Characterization of penetration induced thermal runaway propagation process within a large format lithium ion battery module

• Published in: Journal of power sources Vol. 275; pp. 261 - 273
• Main Authors: Feng, Xuning, Sun, Jing, Ouyang, Minggao, Wang, Fang, He, Xiangming, Lu, Languang, Peng, Huei
• Format: Journal Article
• Language: English
• Published: Elsevier B.V 01.02.2015
• Subjects: Battery; Electric batteries; Electric potential; Large format; Lithium ion battery; Lithium-ion batteries; Modules; Penetration; Safety; Thermal runaway; Thermal runaway propagation; Voltage; Lithium ion battery; Safety; Thermal runaway propagation; Thermal runaway
• ISSN: 0378-7753; 1873-2755
• DOI: 10.1016/j.jpowsour.2014.11.017

This paper investigates the mechanisms of penetration induced thermal runaway (TR) propagation process within a large format lithium ion battery pack. A 6-battery module is built with 47 thermocouples installed at critical positions to record the temperature profiles. The first battery of the module is penetrated to trigger a TR propagation process. The temperature responses, the voltage responses and the heat transfer through different paths are analyzed and discussed to characterize the underlying physical behavior.
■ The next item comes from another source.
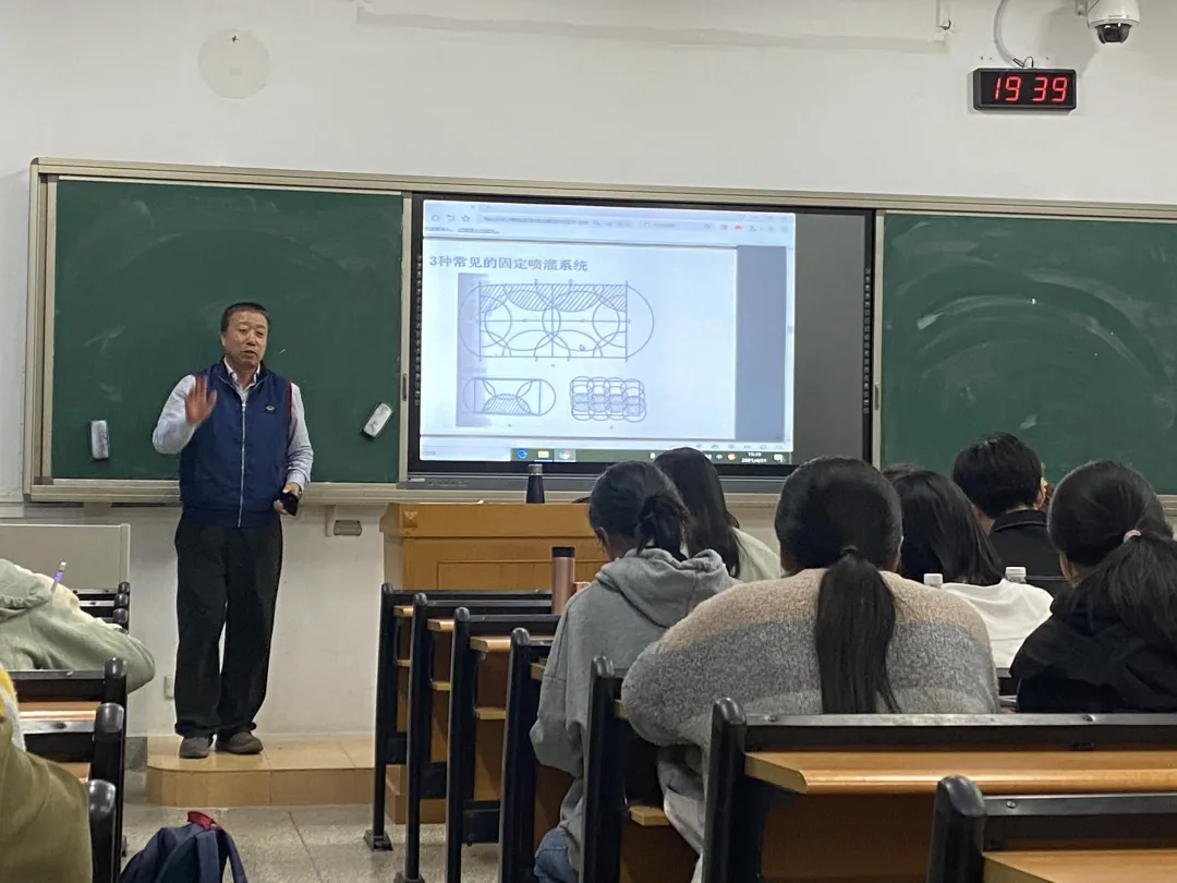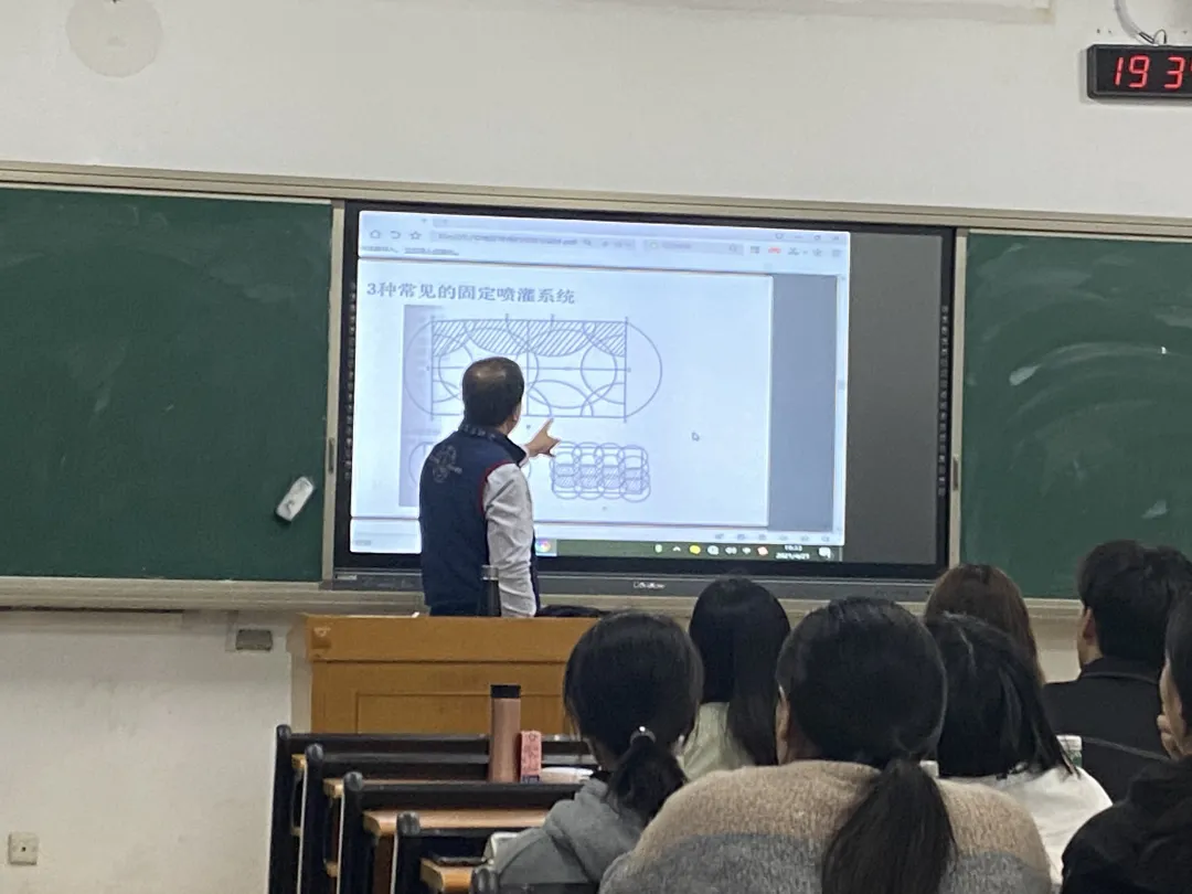 紧接着,杨教授为同学们讲解了规划书的具体要求,将总体分为文本与图纸两方面。针对排水系统、灌溉系统、草坪草种的设计,以及施工方案的编制等基本问题,杨教授都进行了细致的介绍。对草种的选择、如何获取品种详细信息等与大赛密切相关的问题也做出了解释。

The temperature responses show that: 1) Compared with the results of TR tests using accelerating rate calorimetry (ARC) with uniform heating, a lower onset temperature and a shorter TR triggering time are observed in a penetration induced TR propagation test due to side heating. 2) The maximum temperature difference within a battery can be as high as 791.8 °C in a penetration induced TR propagation test. The voltage responses have a 5-stage feature, indicating that the TR happens in sequence for the two pouch cells packed inside a battery. The heat transfer analysis shows that: 1) 12% of the total heat released in TR of a battery is enough to trigger the adjacent battery to TR. 2) The heat transferred through the pole connector is only about 1/10 of that through the battery shell. 3) The fire has little influence on the TR propagation, but may cause significant damage on the accessories located above the battery. The results can enhance our understandings of the mechanisms of TR propagation, and provide important guidelines in pack design for large format lithium ion battery. •Thermal runaway (TR) propagation test on large format Li-ion battery pack is done.•TR propagation mechanism in a large format Li-ion battery pack is analyzed.•TR propagates from the nail point to the 1st battery, then to adjacent batteries.•Side heating in TR propagation leads to a lower TR onset temperature around 100 °C.•The heat transferred through battery shell dominates the TR propagation process.